仕事が忙しくても、以前なら声は聞けたはずなのに単調なメールで返信が来て、それっきりだった。食事を誘う事も、何処かへ出かける事も出来ず、ただ桐生の元へ皐月を帰した事を悔やんだ。
せめて次の約束を取り付けておけばよかった。
「菫先生、本命さんと食事いけました?」
黒木が携帯のケースを閉じる自分の背後から覗きこんでにやにやと顔を緩めた。
「……つれなくてね。食事は行けたけど、ここ最近冷たいんだよ」
やはり、無理に抱き締めたのがいけなかったのか。それか、皐月の気になる人がいるという言葉に、勝手に嫉妬して詰め寄ったのがよくなかったのか。
思い当たる節がありすぎて、皐月が自分に振り向いてくれない確率だけ高く感じ、また付き合えるのだろうかと不安になった。
今の所、勝算はなく記憶も忘れられるほど自分は皐月に嫌われてるのだろうか。
皐月はやはり桐生の方が好きなんじゃないか。
その不安は付き合ってる時となにも変わらないなかったが、真っすぐに自分をみつめる皐月の瞳は愛しさだけ募った。
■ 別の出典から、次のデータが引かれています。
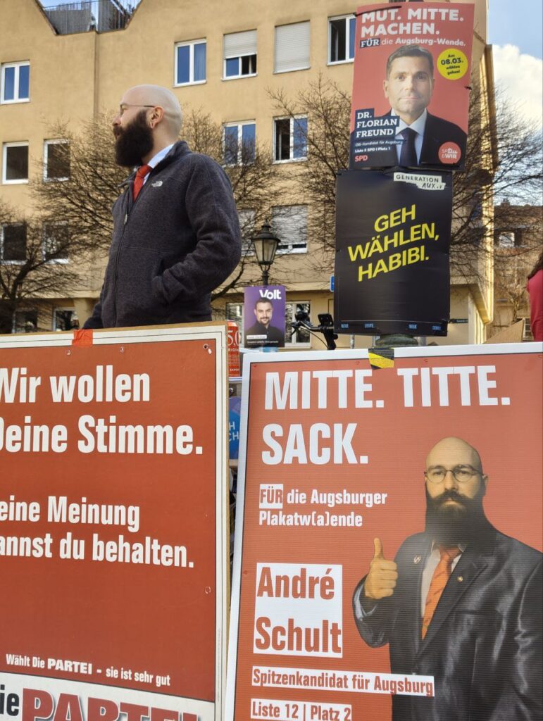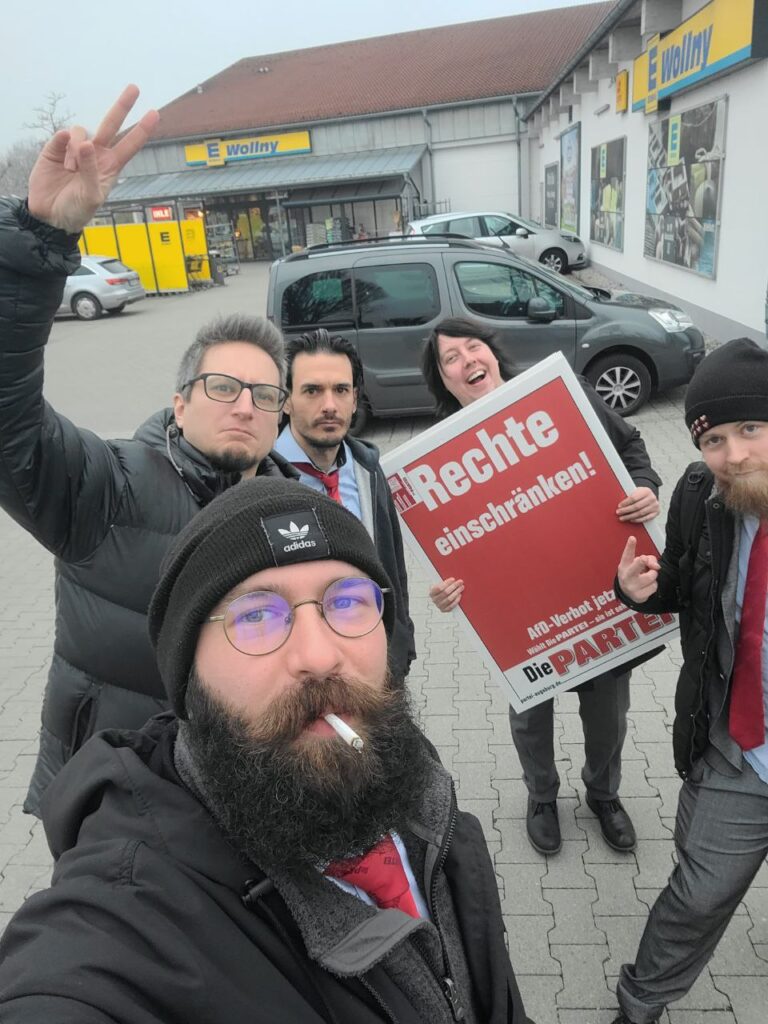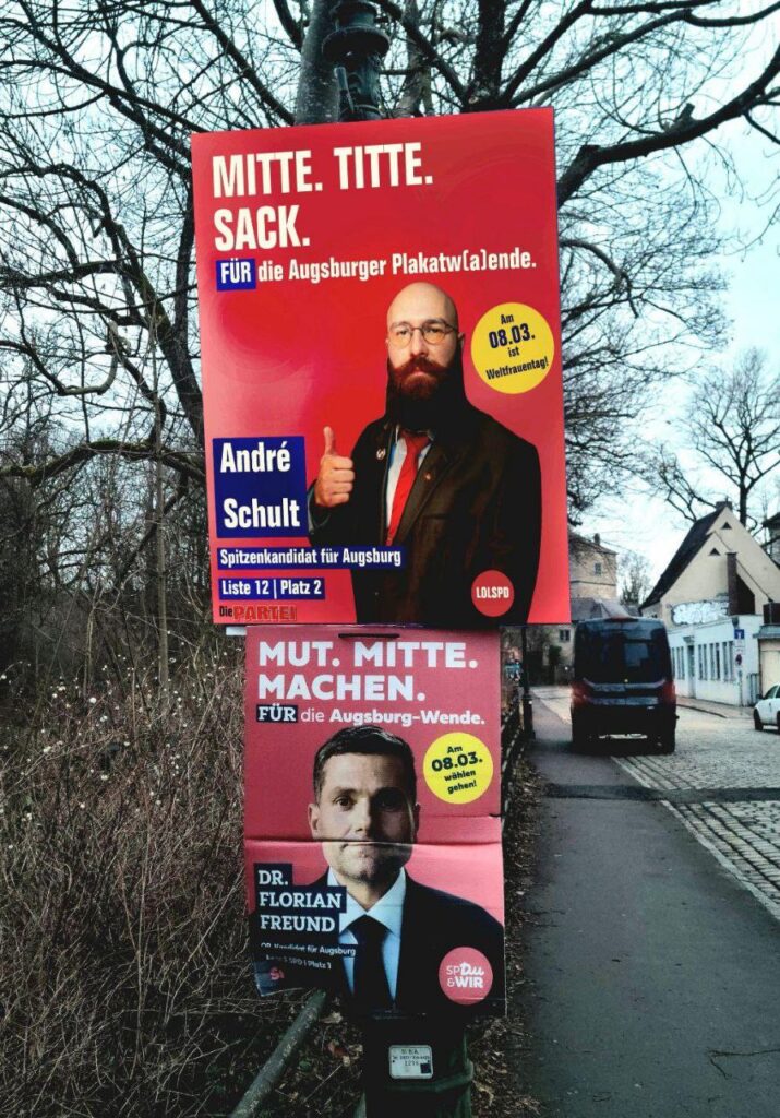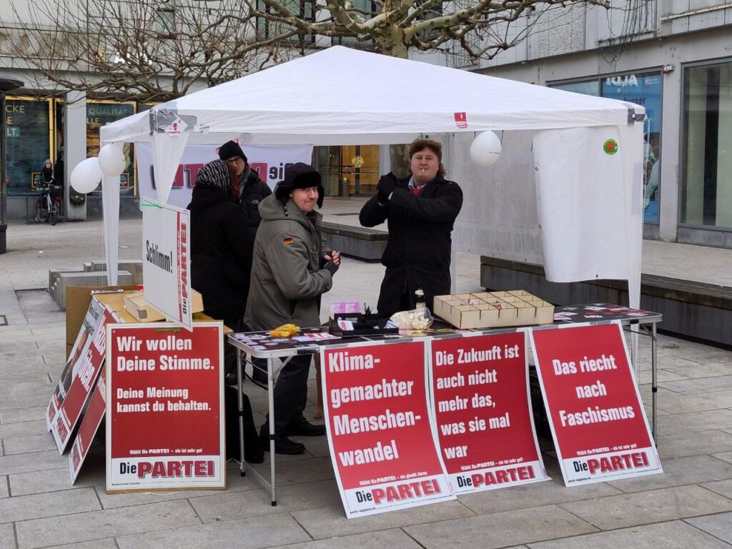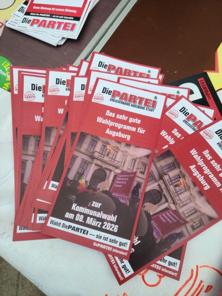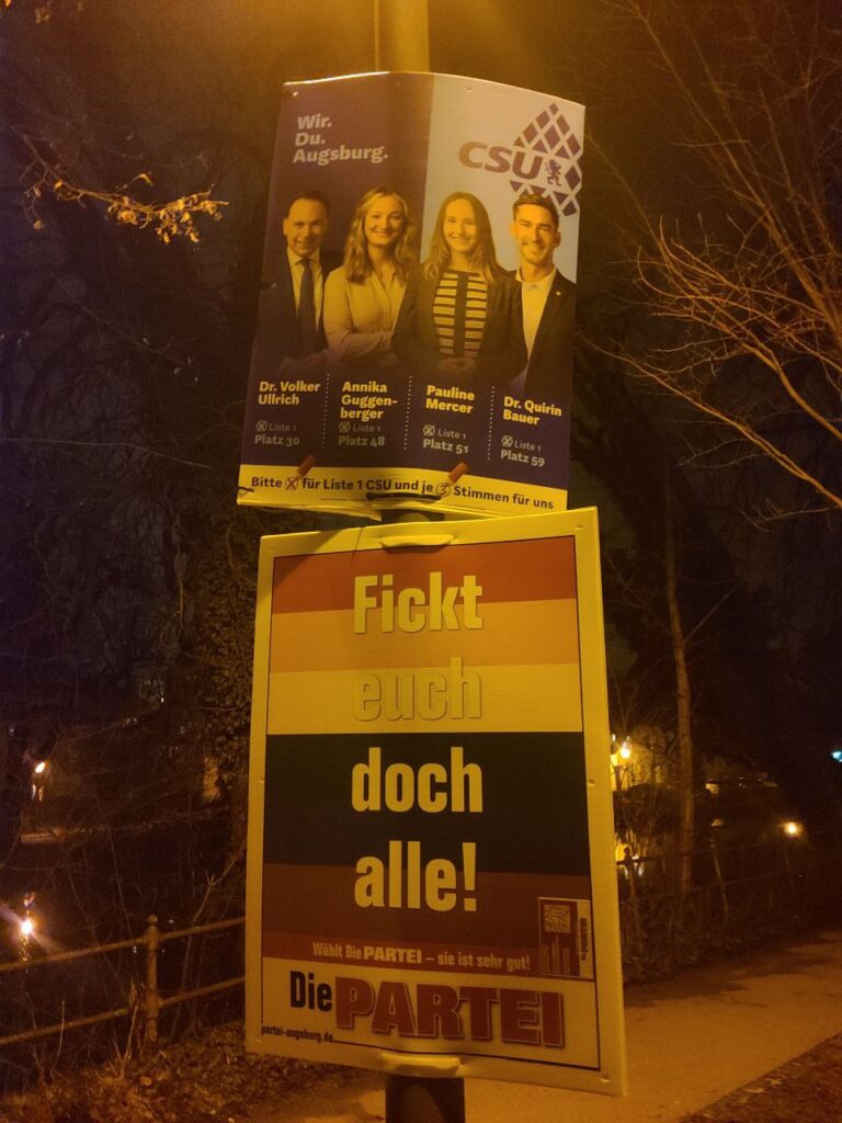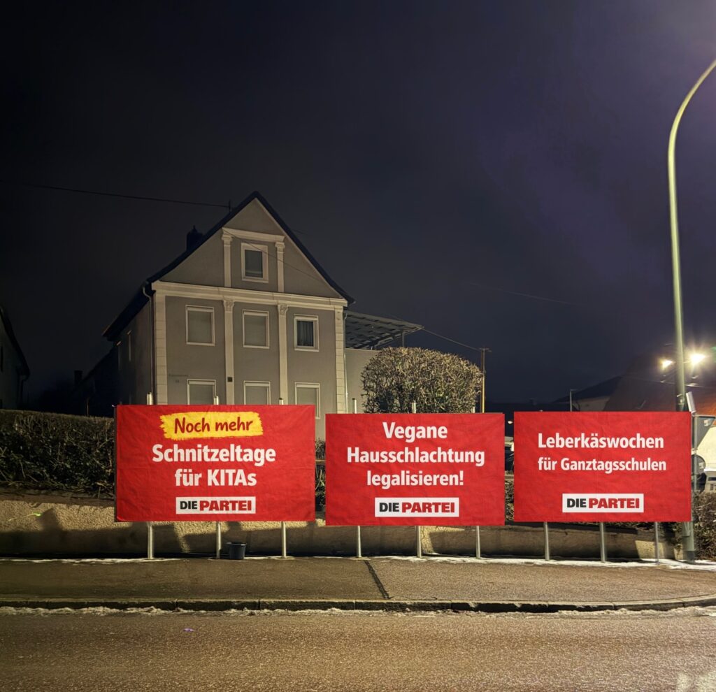 Endlich war es wieder so weit: die kleinen Wahlen in den schönen Städten und Gemeinden unseres schönen Schwabens standen an. Von Herrschaftsfantasien und der Aussicht auf ein neues goldenes Zeitalter im eigenen Bezirk motivierte GenossiX zogen aus, um dem blinden Wahlvolk die Augen zu öffnen und sie um ihre Stimme für den großen Wandel zu bitten. Mal mehr, mal noch mehr erfolgreich kannte die Motivation und die Leidenschaft der Beteiligten keine Grenzen. Im Gegensatz zur Frisur des einzigartigen Friedrich Merz. Anbei präsentieren wir eine kleine Auswahl eines prachtvollen Wahlkampfes auf den Straßen des großartigsten Bezirkes der Welt.

「へぇ、先生の誘いを無下に断るなんてどこの美女なんです?」
美女と聞いて、力なく笑った。
皐月は美女でもないが魅力的だった。
「まあ君の恋人には敵わないよ」
そう言って荻をからかい、携帯ケースごと白衣の懐に収めた。これからカンファレンスでまた長丁場で忙しくなる。
そもそも皐月と付き合えたのは、押して押して、つけ込むようにして、やっと許してもらったに近い。
手離した代償は大きく、二度と手に入りそうになかった。だが、久しぶりに触れた身体に嬉しさと懐かしさでずっと抱き締めていたかった。
真っ新な状態で笑って自分をみつめる皐月が傍にいるだけで、我慢するしかないのか。
でも今は電話すら出ない。
皐月と離れる度に桐生がいる家からへ帰すのが嫌だった。ずっと傍にいて、朝を迎えたい。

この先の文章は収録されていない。